**Try it:** Return every entry exactly, except for any pictures.

**Source information:**
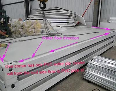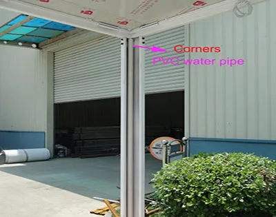 | 屋顶 | (1)覆盖层:0.5mm厚钢板(热镀锌防腐) (2)框架:3mm热镀锌钢梁。 (3)立柱:四根带瀑布管的3mm镀锌钢柱 (4)保温层:75mm岩棉保温层 (5)吊顶:单层板吊顶或夹芯板吊顶 |
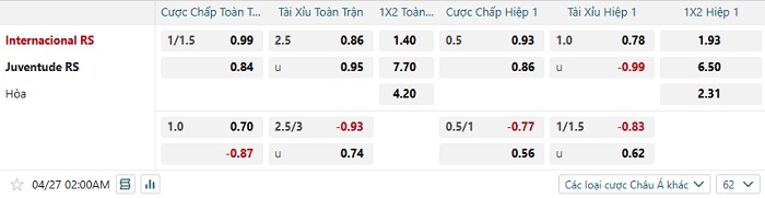 Soi kèo châu Á, kèo Internacional vs Juventude
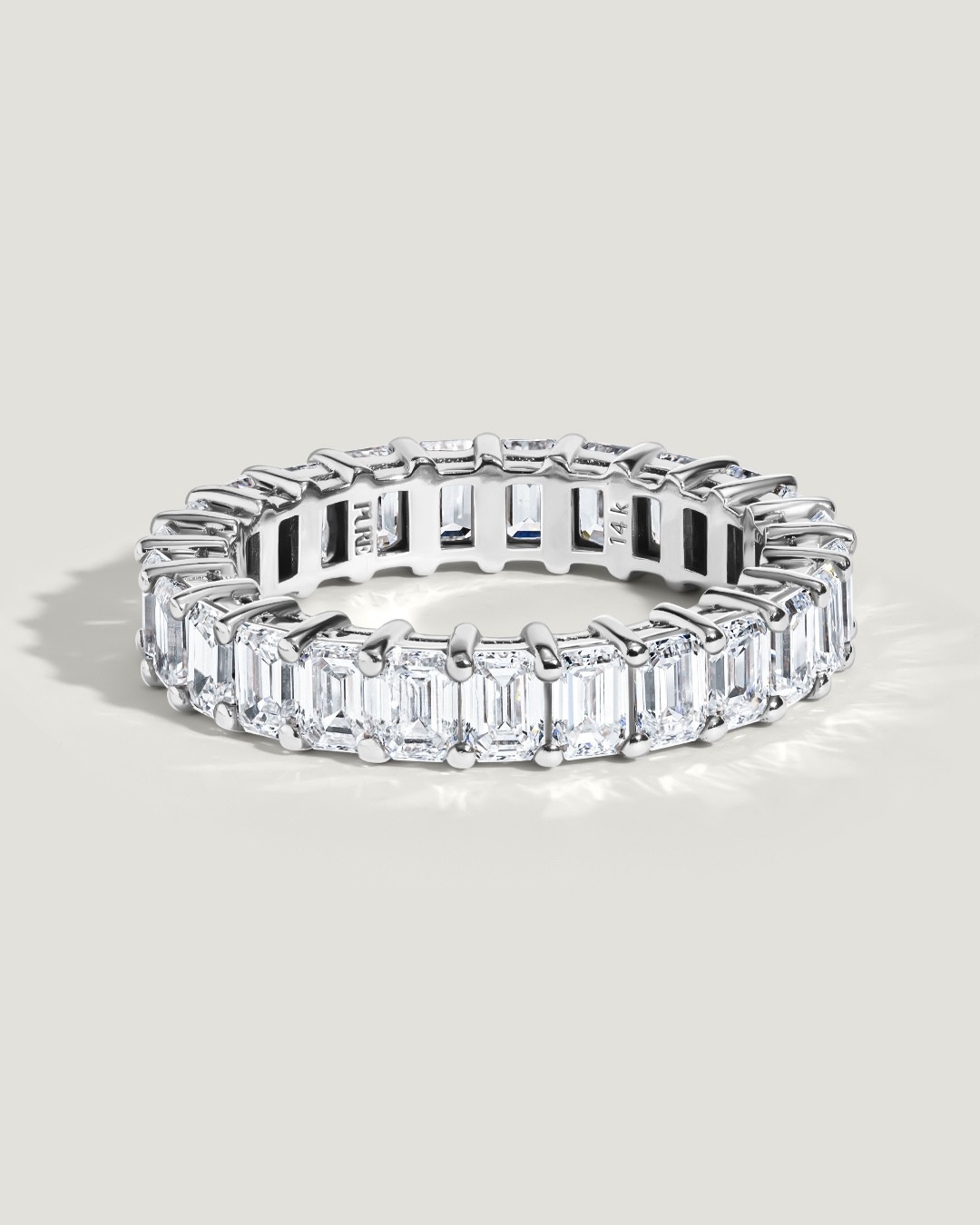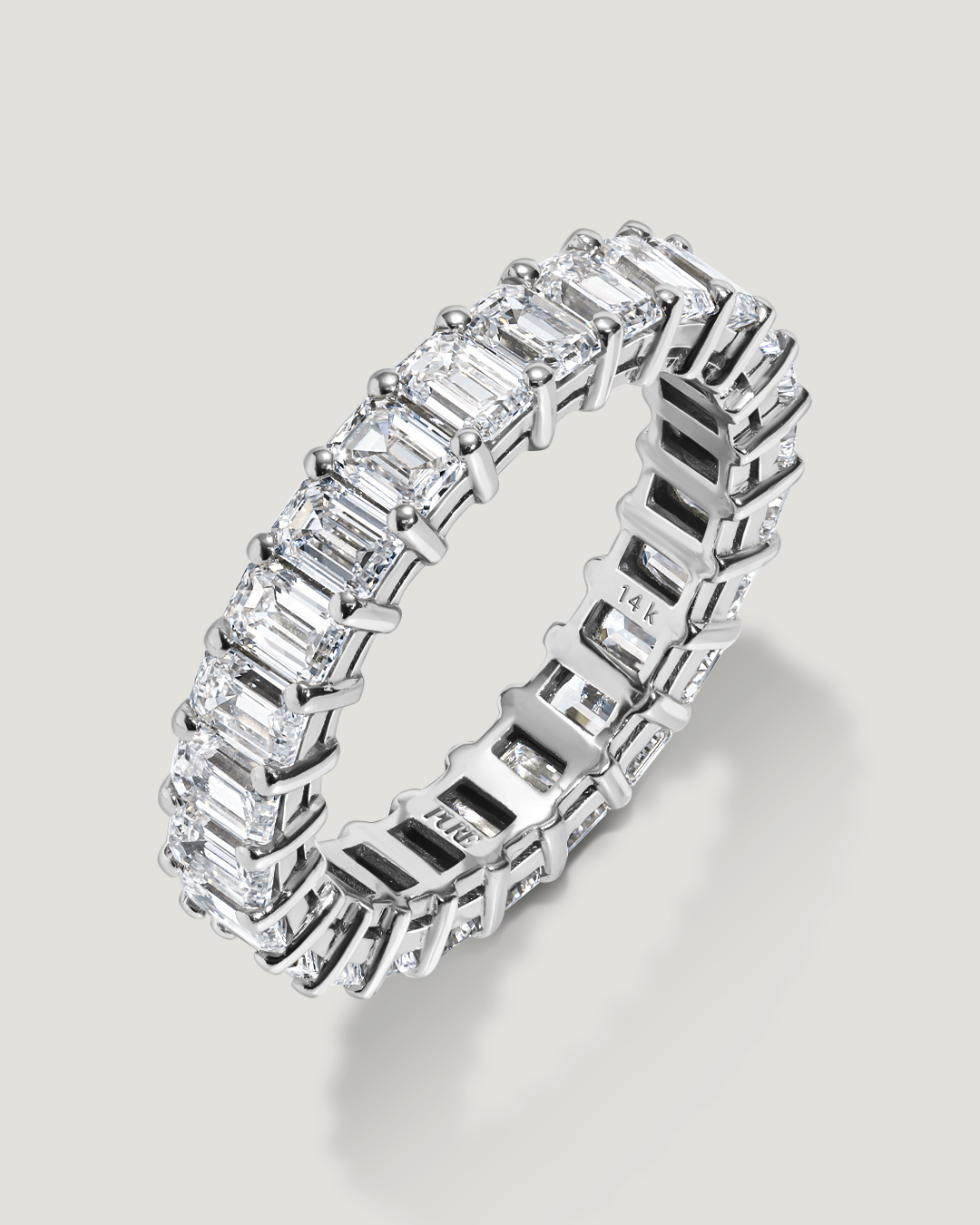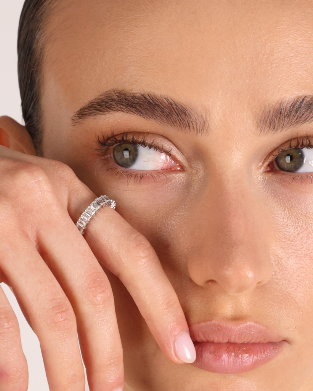 טבעת איטרניטי מדויקת עם יהלומי אמרלד, עיצוב מתמשך, מדויק ומלא נוכחות. ההשראה מנוואל א-סעדאווי, שנלחמה ללא פחד למען חופש המחשבה והאישה. הטבעת הזו לוכדת את אותה עוצמה שמקיפה מכל עבר, וניראות חדה ונכונה
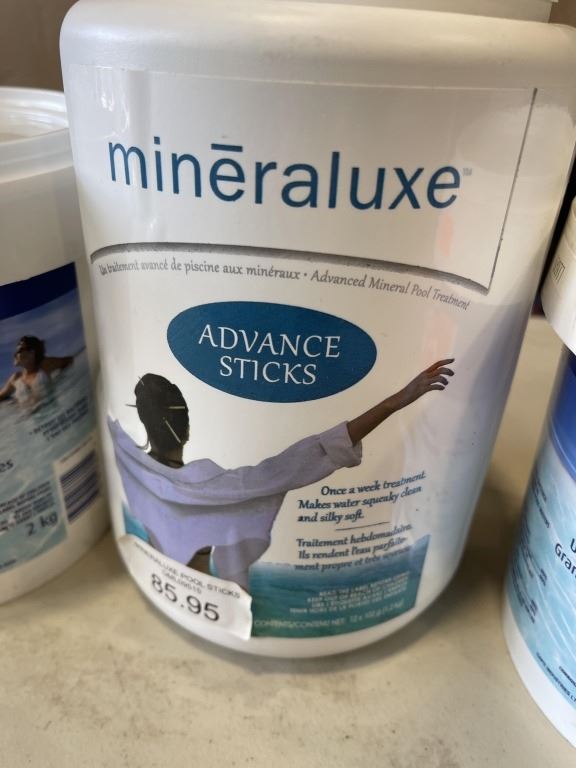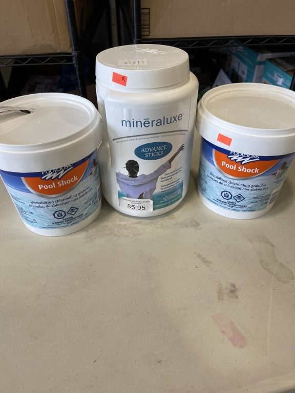 Lot 97 3 NEW CONTAINERS OF POOL CHEMICALS POOL SHOCK AND MINERALUXE ADVANCE STICKS
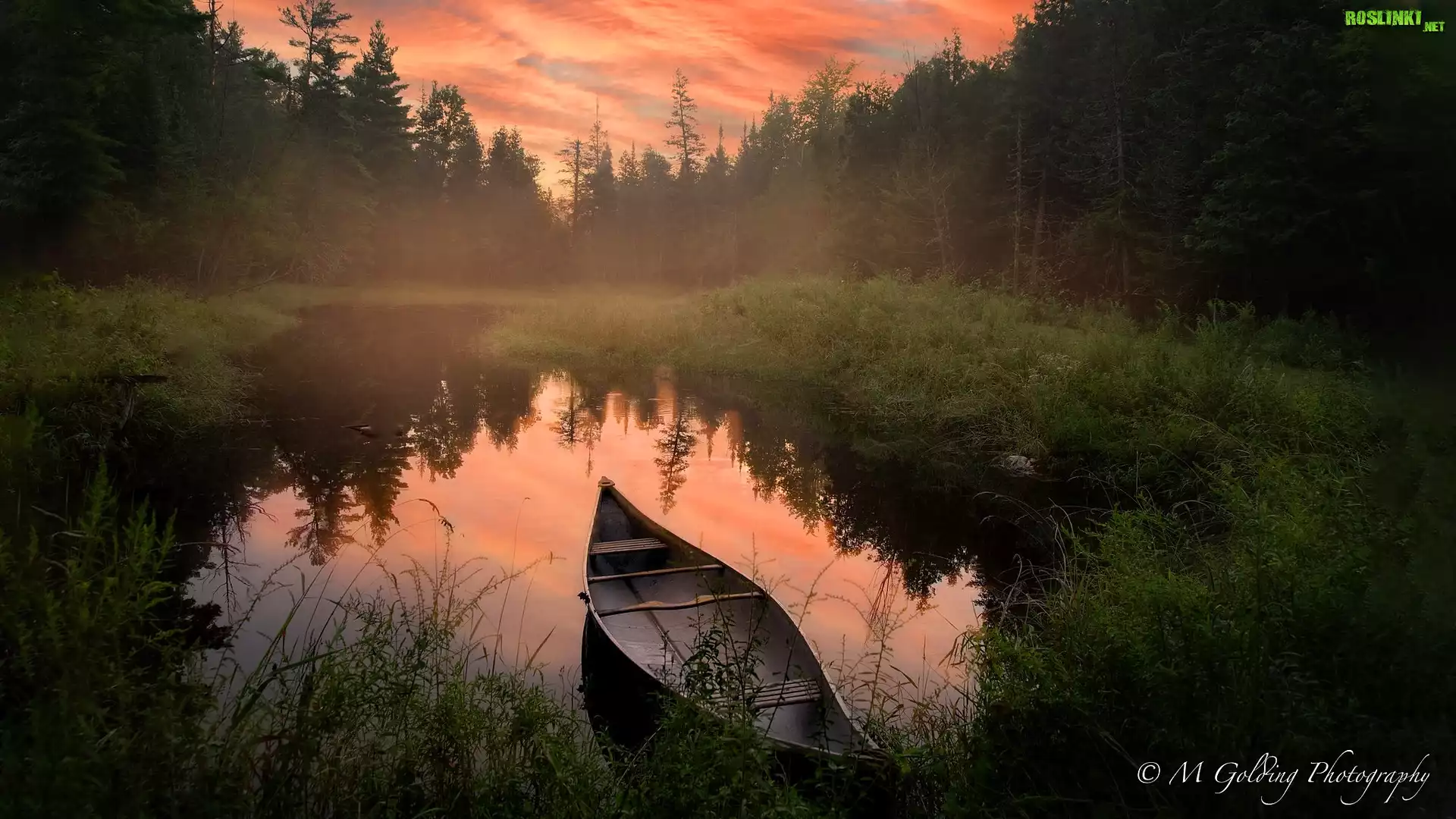 Staw, Czerwone, Niebo, Mgła, Łódka, Las, Drzewa, Rośliny

**Written solution:**
 | 屋顶 | (1)覆盖层:0.5mm厚钢板(热镀锌防腐) (2)框架:3mm热镀锌钢梁。 (3)立柱:四根带瀑布管的3mm镀锌钢柱 (4)保温层:75mm岩棉保温层 (5)吊顶:单层板吊顶或夹芯板吊顶 |
 Soi kèo châu Á, kèo Internacional vs Juventude
 טבעת איטרניטי מדויקת עם יהלומי אמרלד, עיצוב מתמשך, מדויק ומלא נוכחות. ההשראה מנוואל א-סעדאווי, שנלחמה ללא פחד למען חופש המחשבה והאישה. הטבעת הזו לוכדת את אותה עוצמה שמקיפה מכל עבר, וניראות חדה ונכונה
 Lot 97 3 NEW CONTAINERS OF POOL CHEMICALS POOL SHOCK AND MINERALUXE ADVANCE STICKS
 Staw, Czerwone, Niebo, Mgła, Łódka, Las, Drzewa, Rośliny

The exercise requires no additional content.